* Exercise: Print exactly the lines that run from the one containing "tax authority |" to the final line of the data, both included, and print none of the pictures.

═══ Dataset excerpt

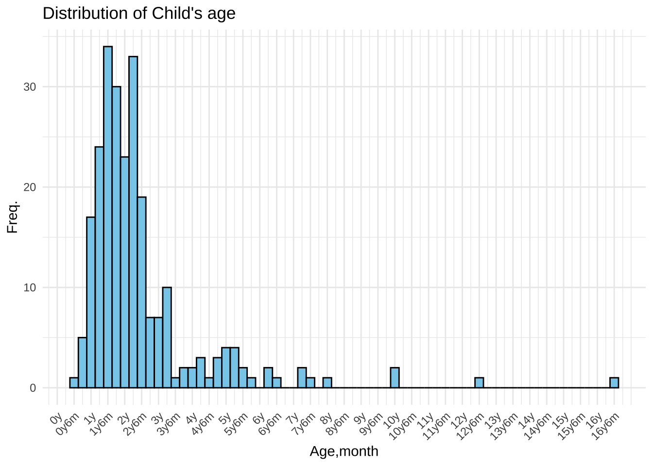 1歳から3歳までに多くのお子さんの年齢が集中していました。一番多い年齢群は1歳6ヶ月でした。
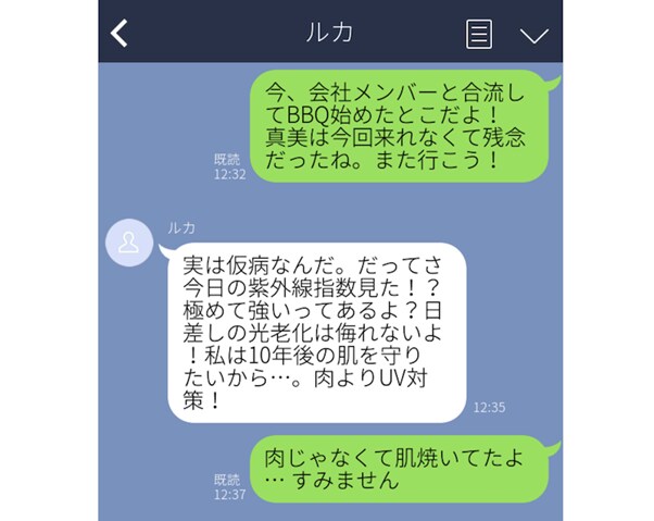 残念だなと思ってLINEを送ると、まさかの仮病宣告! 理由を聞くと、『今日の紫外線指数見た!? 光老化は侮れないよ。肉よりUV対策』というんです。
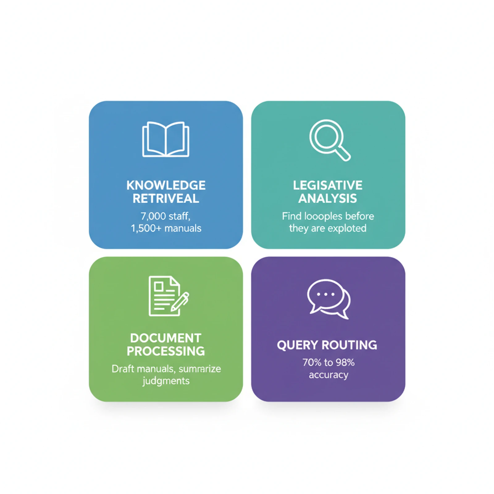 | Query routing accuracy | 70% to 98% | European tax authority |
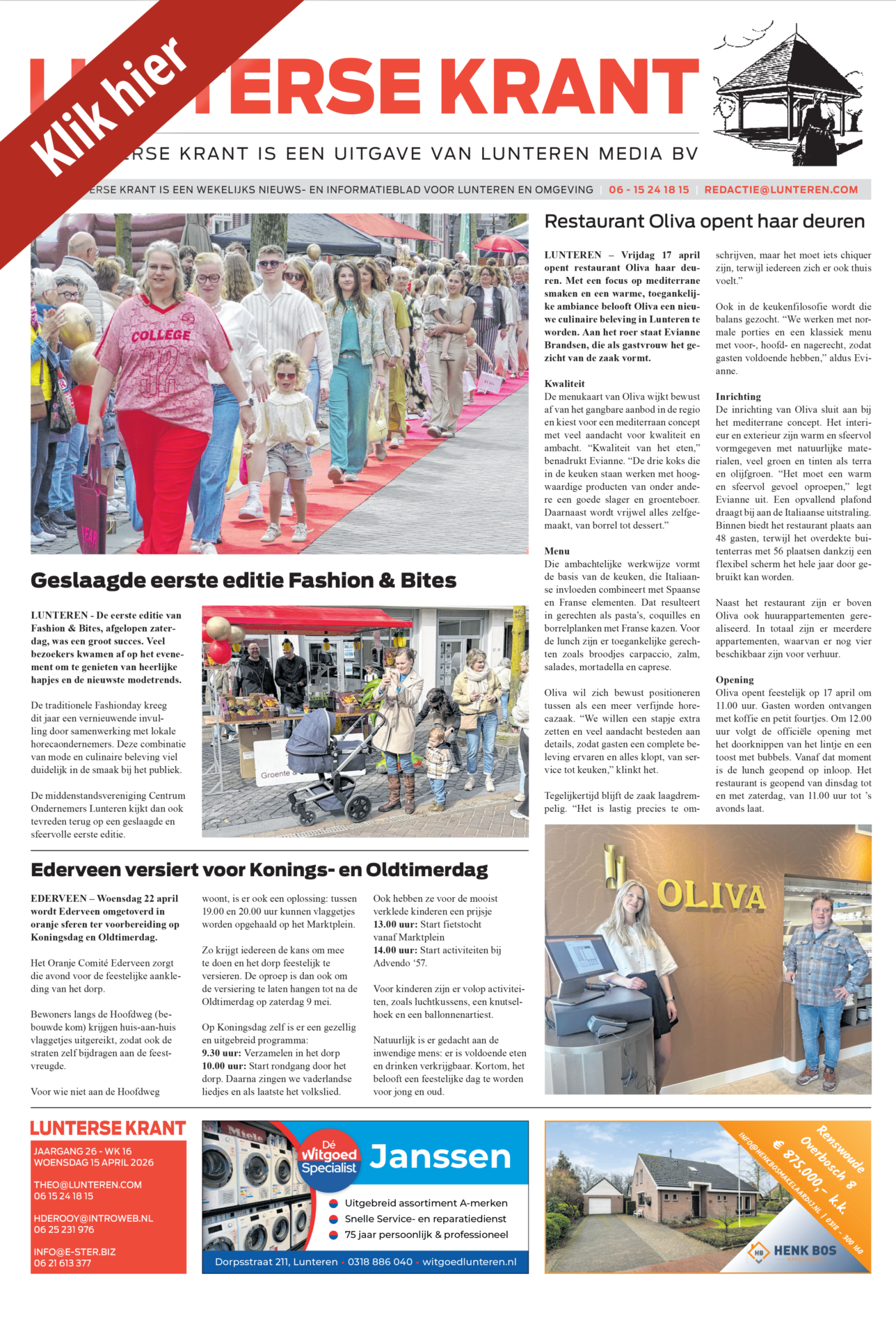 De Lunterse Krant verschijnt wekelijks op woensdag. Uiteraard in Lunteren en in de wijk Kernhem, De Klomp, Ederveen, De Valk, Wekerom, Otterlo en Harskamp. En in de buitengebieden van de betreffende dorpen. De Lunterse Krant is ook af te halen op ongeveer 25 locaties. Zoals de Esso tankstations, bijna alle supermarkten, Het Westhoffhuis, De Honskamp, De Lunterse Beek, Viskraam Fieret, De Readshop, Lokaal 17 te Otterlo, Plus Ederveen & Harskamp. Veel leesplezier!

══════

* Solution to this task:
 | Query routing accuracy | 70% to 98% | European tax authority |
 De Lunterse Krant verschijnt wekelijks op woensdag. Uiteraard in Lunteren en in de wijk Kernhem, De Klomp, Ederveen, De Valk, Wekerom, Otterlo en Harskamp. En in de buitengebieden van de betreffende dorpen. De Lunterse Krant is ook af te halen op ongeveer 25 locaties. Zoals de Esso tankstations, bijna alle supermarkten, Het Westhoffhuis, De Honskamp, De Lunterse Beek, Viskraam Fieret, De Readshop, Lokaal 17 te Otterlo, Plus Ederveen & Harskamp. Veel leesplezier!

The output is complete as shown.